Analysis of the solvents involved in the manufacturing process is a longstanding regulatory requirement in the pharmaceutical industry. According to the initial guidelines proposed by the International Conference on Harmonization (ICH) and by the United States Pharmacopeia (USP, General Chapter <467>) and European Pharmacopeia (EP), manufacturing solvents must be carefully regulated because they have varying levels of toxicity or environmental hazard and they have no therapeutic benefit (1–3). The solvents are grouped into three classes:
Class 1: Solvents to be avoided because they are highly toxic or are especially hazardous to the environment. Required daily exposure limits are 2–1500 ppm.
Class 2: Solvents with moderate toxicity, including most common solvents used in synthetic processes. Required daily exposure limits are 20–4800 ppm.
Class 3: Solvents with little or no toxicity. Required daily exposure limit of 5000 ppm. If only class 3 solvents are present, they can be quantified by loss on drying, with quantitation by gas chromatography (GC) if the level exceeds 5000 ppm.
There is also a fourth class of solvents for which there is not sufficient toxicological data to establish a requirement. The class 1, 2, and 3 solvents and their maximum exposure limits are shown in Table I along with their comprehensive two-dimensional GC (GC×GC) retention times using the separation conditions described in this article. Maximum daily exposure (MDE) is used to determine the required concentration limit for an individual method. In United States Pharmacopeia (USP) method <467>, Residual Solvents, the required concentration limit is determined from the MDE based upon a daily dosage of 10 g of the final drug product (4).
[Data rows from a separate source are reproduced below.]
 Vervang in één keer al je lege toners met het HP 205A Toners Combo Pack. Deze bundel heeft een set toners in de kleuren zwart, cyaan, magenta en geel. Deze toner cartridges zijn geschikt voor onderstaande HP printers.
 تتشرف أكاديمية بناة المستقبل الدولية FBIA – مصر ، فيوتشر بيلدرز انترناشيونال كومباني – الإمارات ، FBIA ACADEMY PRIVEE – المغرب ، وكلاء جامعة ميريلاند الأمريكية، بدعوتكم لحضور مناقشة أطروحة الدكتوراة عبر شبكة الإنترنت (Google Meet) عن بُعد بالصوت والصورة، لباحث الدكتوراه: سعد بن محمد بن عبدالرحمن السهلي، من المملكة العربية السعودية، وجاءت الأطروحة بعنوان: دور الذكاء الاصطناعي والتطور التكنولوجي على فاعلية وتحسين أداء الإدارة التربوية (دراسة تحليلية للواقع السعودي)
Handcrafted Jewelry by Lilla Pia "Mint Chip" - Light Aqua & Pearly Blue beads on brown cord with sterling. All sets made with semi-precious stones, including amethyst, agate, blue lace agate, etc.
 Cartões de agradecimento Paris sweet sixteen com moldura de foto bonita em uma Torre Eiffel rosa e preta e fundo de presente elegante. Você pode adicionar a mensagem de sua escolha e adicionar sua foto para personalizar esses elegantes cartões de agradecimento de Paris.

If the dosage is less than 10 g, the allowable detection limit in a method would be higher; if the dosage is more than 10 g, the allowable detection limit is lower.
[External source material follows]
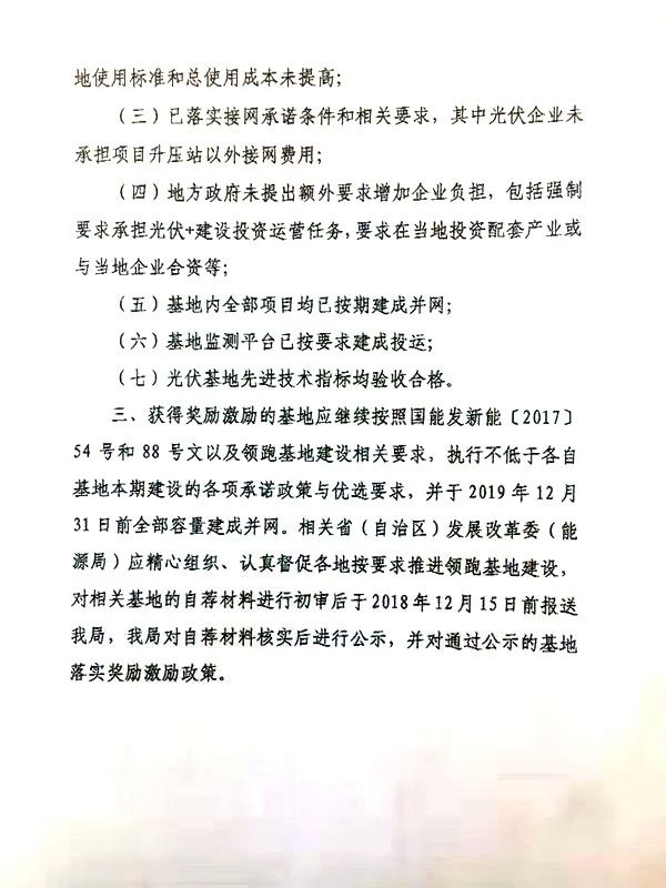 此外,獲得獎勵激勵的基地應(yīng)繼續(xù)按照要求,執(zhí)行不低于各自基地本期建設(shè)的各項承諾政策與優(yōu)選條件,并于2019年12月31日前全部容量建成并網(wǎng)。

Table I: USP and ICH Class 1, 2, and 3 solvents with first and second dimension retention times and concentration limits
Table I demonstrates the two challenges in developing a single comprehensive GC method for pharmaceutical solvents: there are about 60 compounds in classes 1–3 and the allowable concentration limits can range over three orders of magnitude (2–5000 ppm for a 10-g dose of the drug) within the same sample. While there has been considerable work and there are numerous residual solvents methods reported in the literature, a single comprehensive method encompassing both challenges in one run does not currently exist (5–9). Most methods were designed for individual problems and involve the separation of 3–10 solvents with run times of 10–30 min or more. The large number of compounds coupled with their varying chemistry necessitates the use of separations run on multiple columns of differing selectivity methods if a single method to separate all of them in a reasonable amount of time, as described in USP <467>, is desired.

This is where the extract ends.